Вчера утром Юрик вместе с матерью уехал. Он помахал мне из окна кареты, когда она свернула на пыльтсамааскую дорогу. Ээва вернется только через две или три недели.
14 октября
Перечитываю написанное за минувшие недели.
Значит, я не сказал племяннику: ответь на свой вопрос сам. Но подумай об отце. Твой отец, с государственной точки зрения, конечно, безумец. Но честность его тверже алмаза, он самый честный человек, которого ты когда-либо в жизни видел и сможешь увидеть. (Если тебе не посчастливится встретить тех людей, которых за декабрьские дела в прошлом году послали в Сибирь добывать северную руду.) Да-да. Безумие твоего отца и заключается в его честности.

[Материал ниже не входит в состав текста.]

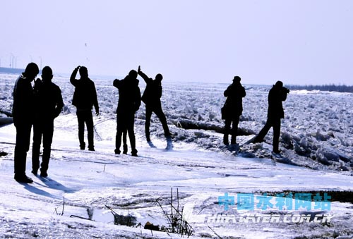 由于封河造成水位抬高之后,黃河萎縮的河道和水流比常態(tài)下增加了許多。舉目遠(yuǎn)望,雄偉、壯觀的大河橫臥在寧夏平原,標(biāo)準(zhǔn)化堤防遙遙相對(duì),縱貫黃河兩岸,大大拉近了城市與河的距離,拉近了人與河的距離。黃河的雄壯、輕柔、婉約、含蓄之美在高原凈光的照射下,美輪美奐,無(wú)與倫比。偶爾,休閑的市民們漫步河邊,采擷千里冰封的黃河美景,找尋人與自然的美妙和諧。
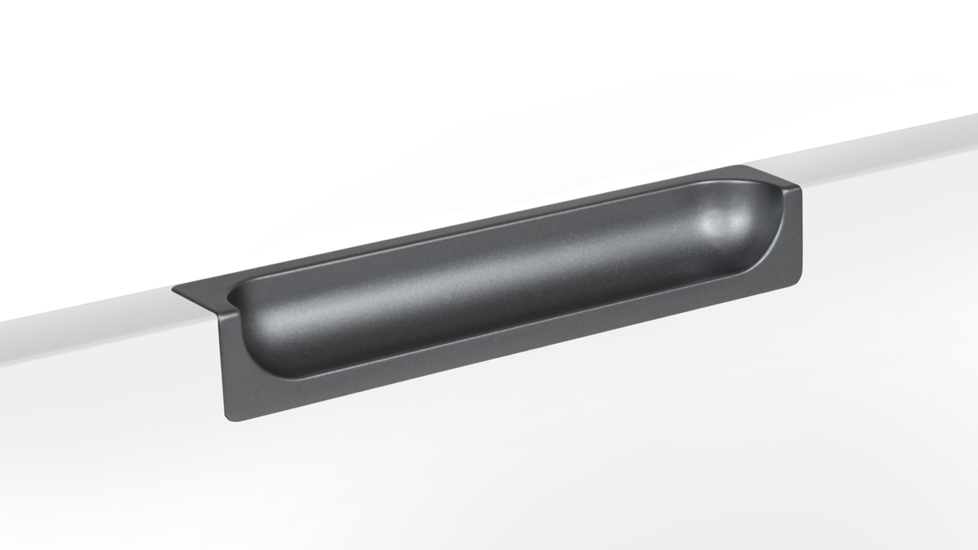 ЕВА RT020 — торцевая мебельная ручка из цинк-алюминия для установки на фасады толщиной от 16 мм врезным способом.
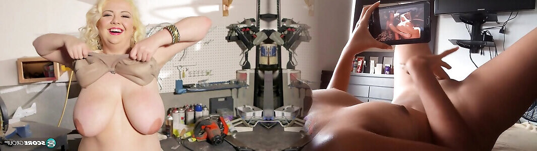 2 Youthfull Man Tempt Monstrous Knocker German Cougar to fuck in Workshop
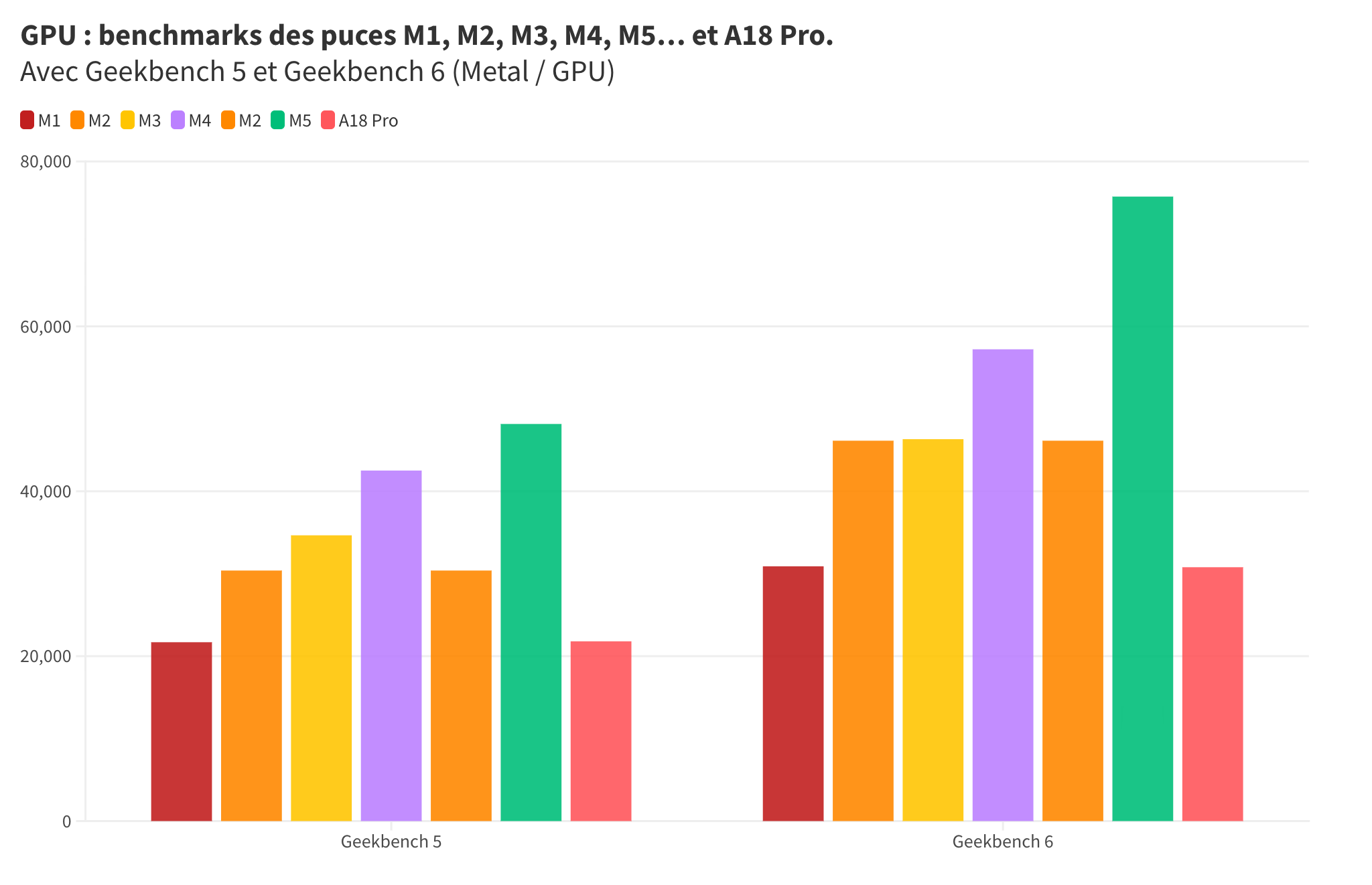 Enfin, nos tests montrent que les performances graphiques du MacBook Neo (GPU) sont équivalentes à celles d’un MacBook Pro M1 de 2020. C’est assez pour les usages du quotidien, mais forcément un élément à prendre en compte si l’on fait des études d’audiovisuel ou de jeux vidéo : il vaut mieux prendre un Mac avec une puce M4 ou M5.
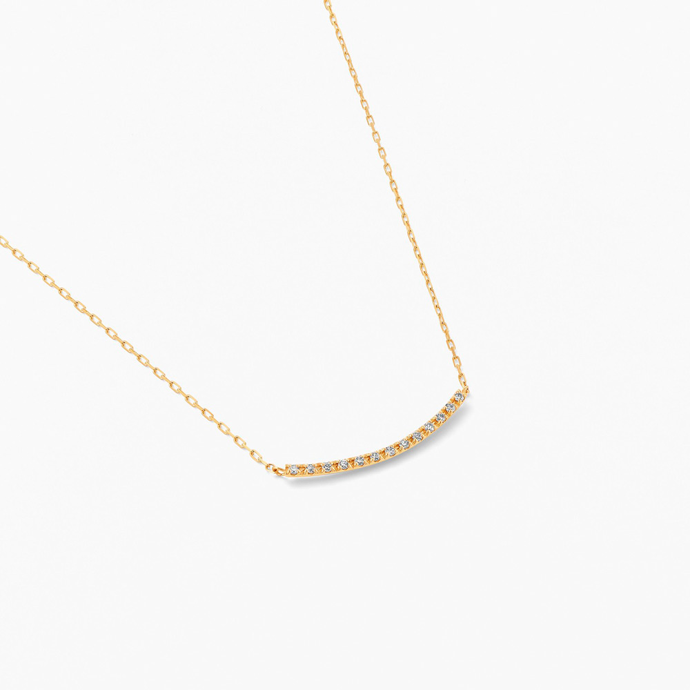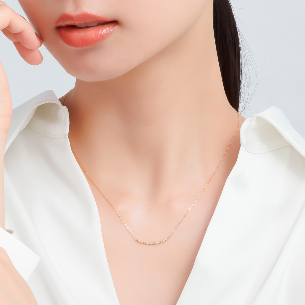 レール状のフォルムがモダンな印象を与え、こなれた雰囲気を演出します。ダイヤモンドは、Hカラー、SIクラスのクラリティ、Goodカット以上の品質の中から厳選し使用。極小サイズの爪が上質なダイヤモンドの輝きを引き出し、デコルテに上品な華やかさを与えます。背面はツヤ感が美しい地金の仕立てに。装いや気分に合わせてリバーシブルで楽しめるため、コーディネートの幅を広げてくれます。スライド仕様のチェーンのため、トップスに合わせて長さの調節も可能。ダイヤモンドの存在感に負けない線径のチェーンを採用することで、高級感のある仕上がりにこだわりました。シンプルなデザインだからこそ、永く愛せるクオリティとデザイン、日々に寄り添う使いやすさを追及したネックレスです。

Я этого не сказал. Ребенку такое говорить нельзя. А может быть, можно? Может быть, даже нужно говорить это ребенку?
Суббота, 23 октября
Сегодня утром Тимо позвал меня с собой в баню. Кэспер по субботнему обыкновению истопил нашу отличную баню в подвале Кивиялга, а Ээва все еще не вернулась из Петербурга или Царского, и Тимо решил, что мы могли бы похлестать друг друга вениками.
Тимо шел рядом со мной по свежевыпавшему снегу, мы обогнули дом от парадного входа до двери подвала со стороны хлева. Я видел: он сунул босые ноги в какие-то опорки с рваным верхом и деревянными подошвами, на плечи накинул старую шинель (а вообще он и дома всегда аккуратно одет). На голые ноги попал снег, и Тимо урчал от удовольствия: «Ух ты, шельма, до чего холодно…» И я подумал: интересно, этот его вид, где нет и следа Ээвиной заботы, он свидетельствует о некотором его безумии или, наоборот, о высоком превосходстве его ума?..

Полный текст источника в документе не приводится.